| I both agree and don't agree about your comments.
Benchmarks should be a comparison and one can very well do a comparison between exactly same deployment on exactly same infrastructure with 2 different storage types without going so deep into the weeds. It is crucial to understand the environment of the actual benchmark, but many of the things you mention are less important unless you want to investigate what actually is going on under the hood (hoping to improve something). Also note that to many people looking to run database workloads on K8s / CEPH, knowing that someone was able to run with 18k TPS without pulling rabbits from their sleeves is much helpful, and people asking all of these details basically makes people less willing to share, which is not helpful at all. Be that as it may, as mentioned on another thread, we ran benchmarks on Premise/open Shift / CEPH, and I will try to answer as much of your questions as possible on these benchmarks. If you want more details, LMK...
* Stack is: Openshift - RBD - Network - CEPH node - VMWare VMDK - SAN storage
* Network (AFAIK) is 10g, I haven't tested network latency or storage latency, but the roundtrip for a commit (which pg_bench and pg_tps_optimizer call latency) took about is 30ms running 233 clients / 17k TPS.
* no fancy stuff like reliable Ethernet that's used for iSCSI / NVMe over IP or something like that * I mostly ran with pg_tps_optimizer and it is designed to test storage performance (not performance from app perspective) the way it works things like shared buffer size is less important. But FYI, I ran with 2GB for cluster.spec.resources.limits.memory. * What is the layout of memory buffers in PostgreSQL?

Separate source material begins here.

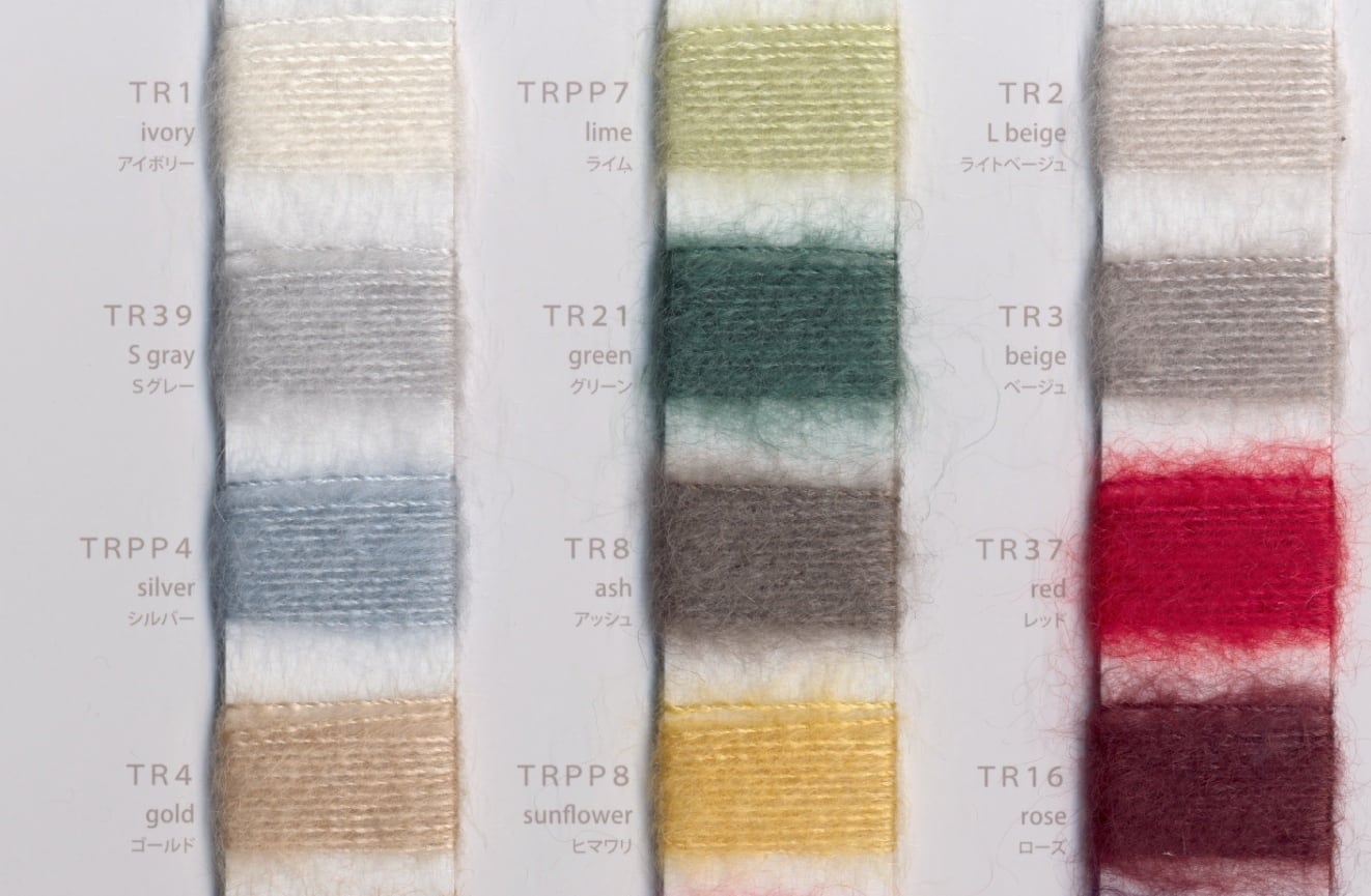 そのモヘアをタムタムヤーンに加工する際の芯になる部分にシルクを使用しています。モヘアの自然な光沢からのぞくシルクの強い光沢が、上品かつ高級感を演出し、豊かな表情を生み出しています。

I don't understand what you are trying to get at. Running on K8s, you should trust the operator to deploy as smart as possible and not worry about stuff like this unless you are trying to actually investigate and fix problems. I ran with standard settings. * I tested with many options including. Single instance, async (with synchronous_commit is remote_write, on, remote_apply) and sync (remote_write, on, remote_apply). These tests where run on Azure VM, but I am fairly sure running on OpenShift/CEPH does not impact that much. Biggest difference with 13 clients, 12/13k TPS with sync and 17/18k TPS with async. Difference is smaller with higher number of clients. As the effect is larger with smaller number of clients, probably the effect is less severe with openshift/ceph. * AFAIK we CEPH set to keep 3 replicas. TBH, I don't see how this is of much importance. CEPH RBD kernel driver writes to both replicas in parallel. Doing more in parallel has little impact on latency and bandwidth is not the issue. * I don't know the Block sizes and frame sizes for sure. I expect it is default settings (4096). * Type of workload. Yeah, this is important stuff.
First of all, about pg_tps_optimizer. I have the most interesting information with pg_ts_optimizer. It basically runs update statements on a record in a table, and with 233 clients this is 233 tables. This really tests storage performance (we rule out things like semaphore locks). This might be compared to importing data with a separate client (which could run in parallel) for every table (or partition if you like).
With pg_bench (default workload), we see similar graphs, but we see limitations with pg_bench with higher number of clients. As all data is in the same table(s) with higher number of clients they run into contention issues (probably semaphore softlocks). As this is not a limitation of storage, I personally find this less interesting. |